Common Pest and Cultural Problems
Aphids: Greenish, red, black or peach colored sucking insects can spread disease as they feed on the undersides of leaves. They leave a sticky residue on foliage that attracts ants. Burpee Recommends: Introduce or attract natural predators into your garden such as lady beetles and wasps who feed on aphids. You can also wash them off with a strong spray, or use an insecticidal soap.
Caterpillars: There are various caterpillars that feed on caladiums making holes in the foliage. Burpee Recommends: Pick off and destroy or collect for birds.

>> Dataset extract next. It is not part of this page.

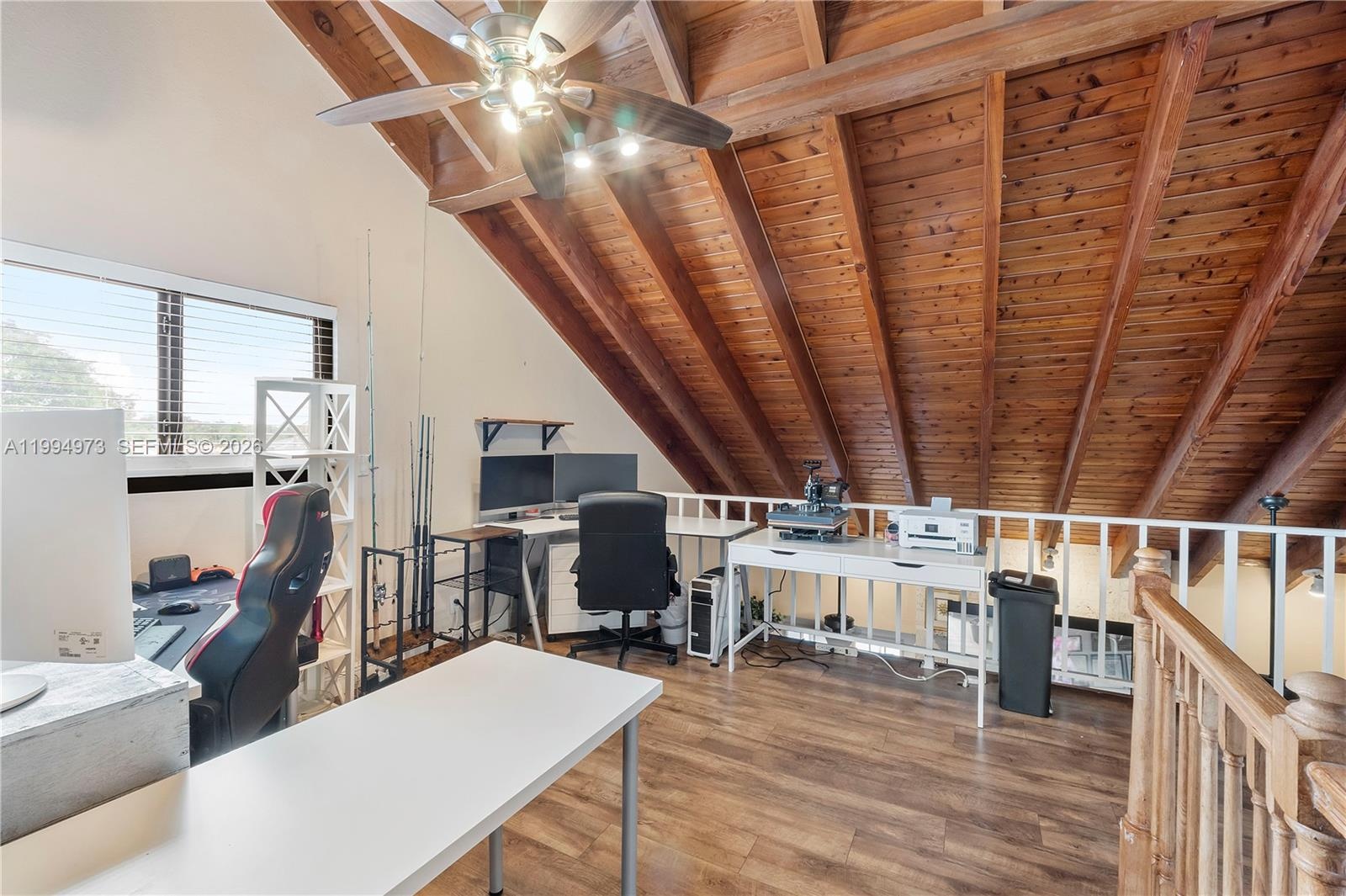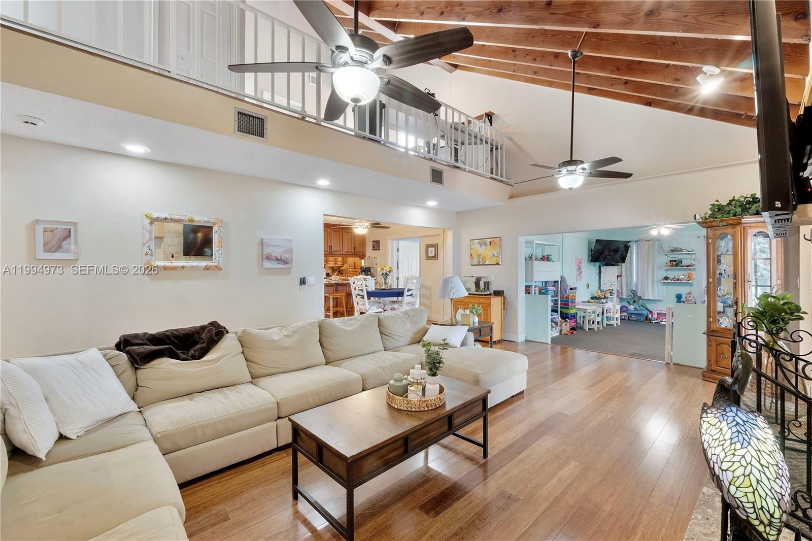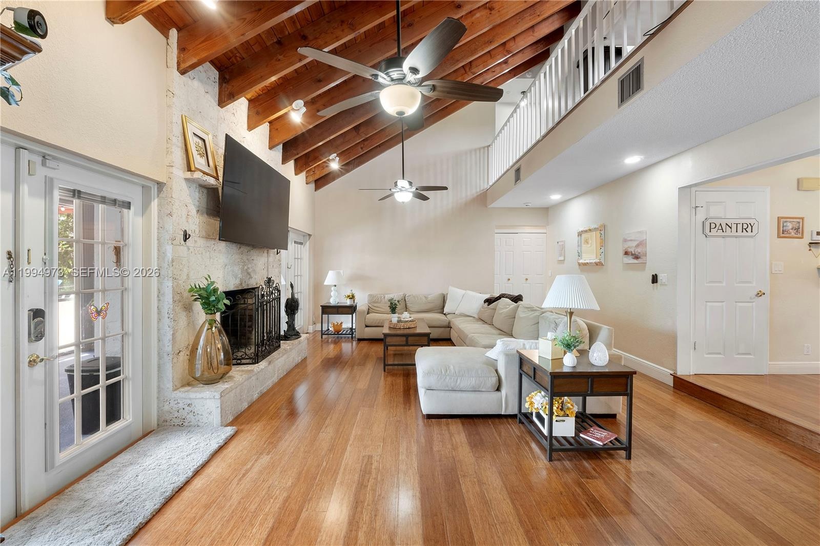 Beautifully updated 6-bedroom, 3.5-bath pool home with tranquil lake views in a highly sought-after neighborhood, offering more than 3,800 sq ft under air. This spacious layout features two living areas, providing plenty of room for entertaining and everyday living. The main living room is a standout with a cozy fireplace and stunning wood ceilings with exposed beams that extend into the loft area, adding warmth and character throughout.

Slugs: These pests leave large holes in the foliage or eat leaves entirely. They leave a slime trail, feed at night and are mostly a problem in damp weather. Burpee Recommends: Hand pick, at night if possible. You can try attracting the slugs to traps either using cornmeal or beer. For a beer trap, dig a hole in the ground and place a large cup or bowl into the hole; use something that has steep sides so that the slugs can’t crawl back out when they’re finished. Fill the bowl about ¾ of the way full with beer, and let it sit overnight. In the morning, the bowl should be full of drowned slugs that can be dumped out for the birds to eat. For a cornmeal trap, put a tablespoon or two of cornmeal in a jar and put it on its side near the plants. Slugs are attracted to the scent but they cannot digest it and it will kill them. You can also try placing a barrier around your plants of diatomaceous earth or even coffee grounds. They cannot crawl over these.
Sunscald: Leaves are bleached and faded, often turn white with brown crispy edges. There are no signs of pests and diseases. Plants were usually recently moved. The bright light and heat from the sun break down the chlorophyll which leads to death of the leaf. Burpee Recommends: Transplant caladiums to a spot that has more shade in the afternoon. Do not place caladiums in a south or south-west exposure.